Die Verteidigung hinterfragte, ob sich jemand mit verminderter Hemmschwelle um die Tragweite einer solchen Tat bewusst sei. Die Oberärztin stellte klar, dass auch Betrunkene grundsätzlich wissen, dass sie jemanden verletzen können, aber keine Methode existiere, um festzustellen, ab wann genau diese Einsichtsfähigkeit durch Alkohol beeinträchtigt ist.

Vor dem Sachverständigengutachten hatte die Kammer verschiedene Zeugen zum Verhalten des Beschuldigten nach der Tat gehört. Dabei lieferte der Zeuge O. - nach eigenem Bekunden ein Freund des Angeklagten – nur eine fragmentarische Aussage vom Morgen des 6. September 2021. Die Tat hatte sich in der Nacht vom 5. auf den 6. September 2021 zwischen 1.06 Uhr und 1.47 Uhr in der Nähe der Tankstelle in der Harsefelder Straße ereignet. Seit der Tat liegt das Opfer im Wachkoma.
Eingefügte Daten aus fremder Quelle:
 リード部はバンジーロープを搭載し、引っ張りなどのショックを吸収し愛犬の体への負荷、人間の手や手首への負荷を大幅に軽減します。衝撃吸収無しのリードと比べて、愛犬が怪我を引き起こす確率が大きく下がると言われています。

Der Angeklagte habe mit ihm telefoniert und gesagt, er habe Mist gebaut, schilderte der Zeuge. Er beschrieb den Angeklagten bei ihrem Treffen als sichtbar nervös und stark alkoholisiert. Weiter konnte er sich nur bruchstückhaft an die Ereignisse erinnern. Nach Konfrontation mit seinen früheren Angaben erinnerte sich der Zeuge, dass der Angeklagte eine Schlägerei mit einem Mann erwähnt hatte, blieb jedoch in seinen Details ungenau, was bei Richter Marc-Sebastian Hase den Eindruck einer bewusst unvollständigen Erinnerung hervorrief. Der Zeuge charakterisierte den Angeklagten trotz fehlender Selbstkontrolle im Umgang mit Alkohol als nicht aggressiv. Seine lückenhafte Zeugenaussage veranlasste das Gericht, eine nochmalige Befragung der Polizistin anzuordnen, die den Zeugen ursprünglich vernommen hatte.
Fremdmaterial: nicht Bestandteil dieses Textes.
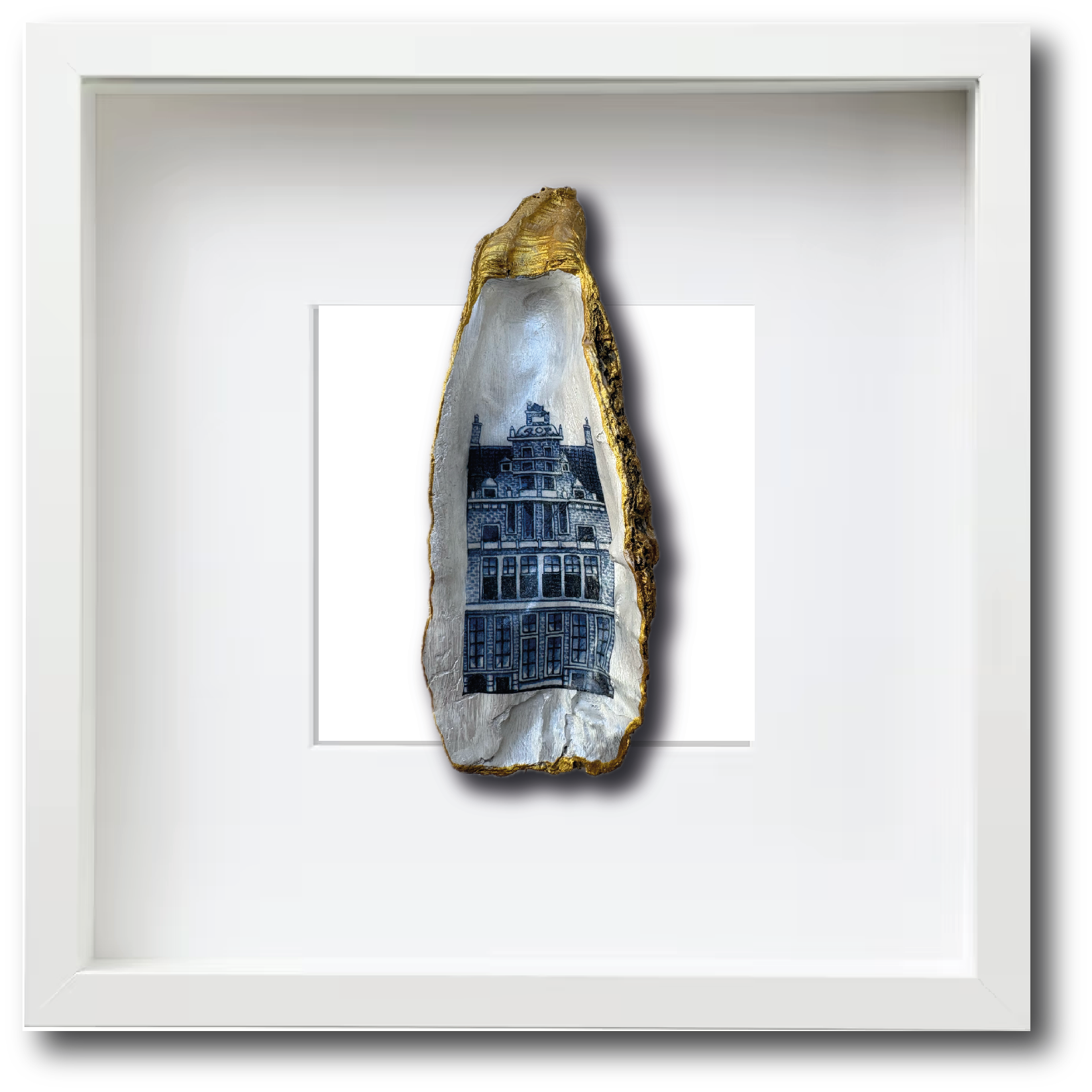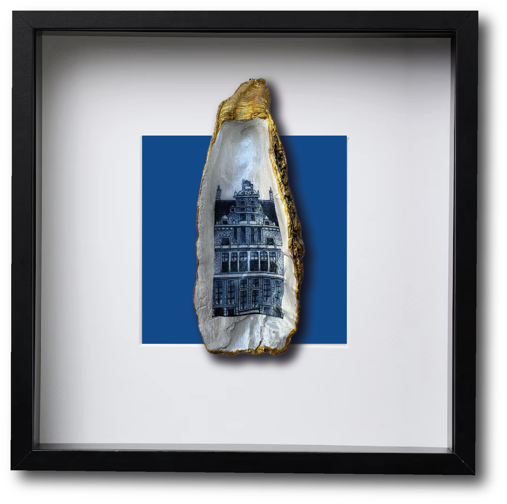 Deze grote Japanse oesterschelp hebben we geraapt in de Oosterschelde. Om de natuurlijke vormen te accentueren hebben we de buitenkant en de randen van de schelp met goudverf beschilderd. Als afbeelding hebben we een Amsterdams grachtenpandje gebruikt. Mooi om naar te kijken als los exemplaar of in een schilderijlijst.

Angeklagter meldete sich am Tag nach der Tat krank

Den Verteidigern Rainer Mertins und Ayke Bielke war es wichtig herauszufinden, wie wortgetreu die Zeugenaussagen bei der Polizei verschriftlicht wurden. Insbesondere der Beamtin, die den Zeugen vernommen hatte, warfen sie eine unsaubere Vorgehensweise bei der Protokollierung der Vernehmung vor. Das veranlasste sie, über einen Verwertungswiderspruch sowohl der Zeugenaussage als auch der vernehmenden Beamtin nachzudenken.
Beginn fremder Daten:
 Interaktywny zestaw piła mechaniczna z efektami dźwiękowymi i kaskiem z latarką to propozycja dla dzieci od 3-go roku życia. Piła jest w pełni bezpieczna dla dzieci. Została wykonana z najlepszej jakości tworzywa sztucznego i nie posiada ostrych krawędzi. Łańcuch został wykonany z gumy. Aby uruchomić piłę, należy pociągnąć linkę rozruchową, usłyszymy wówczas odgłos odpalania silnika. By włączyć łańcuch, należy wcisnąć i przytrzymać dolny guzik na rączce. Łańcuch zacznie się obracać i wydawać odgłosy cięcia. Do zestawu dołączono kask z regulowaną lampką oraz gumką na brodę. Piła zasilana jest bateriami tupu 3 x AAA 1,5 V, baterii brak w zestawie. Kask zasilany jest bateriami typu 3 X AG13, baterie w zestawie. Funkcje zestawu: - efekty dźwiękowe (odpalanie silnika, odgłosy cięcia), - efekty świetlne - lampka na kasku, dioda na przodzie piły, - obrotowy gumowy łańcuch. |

Mit der Kritik an der Kammer ging es nach der Vernehmung eines Arbeitskollegen des Angeklagten weiter. Der Zeuge hatte gesagt, dass der Angeklagte sich am Tag nach der Tat krankgemeldet habe, weil ihm seine Hand wehgetan hätte. Auf Nachfrage gab er an, gewusst zu haben, dass der Angeklagte sich einige Tage zuvor an einer Säge verletzt hatte. Dazu stellte die Kammer keine Fragen, was Mertins „befremdete“.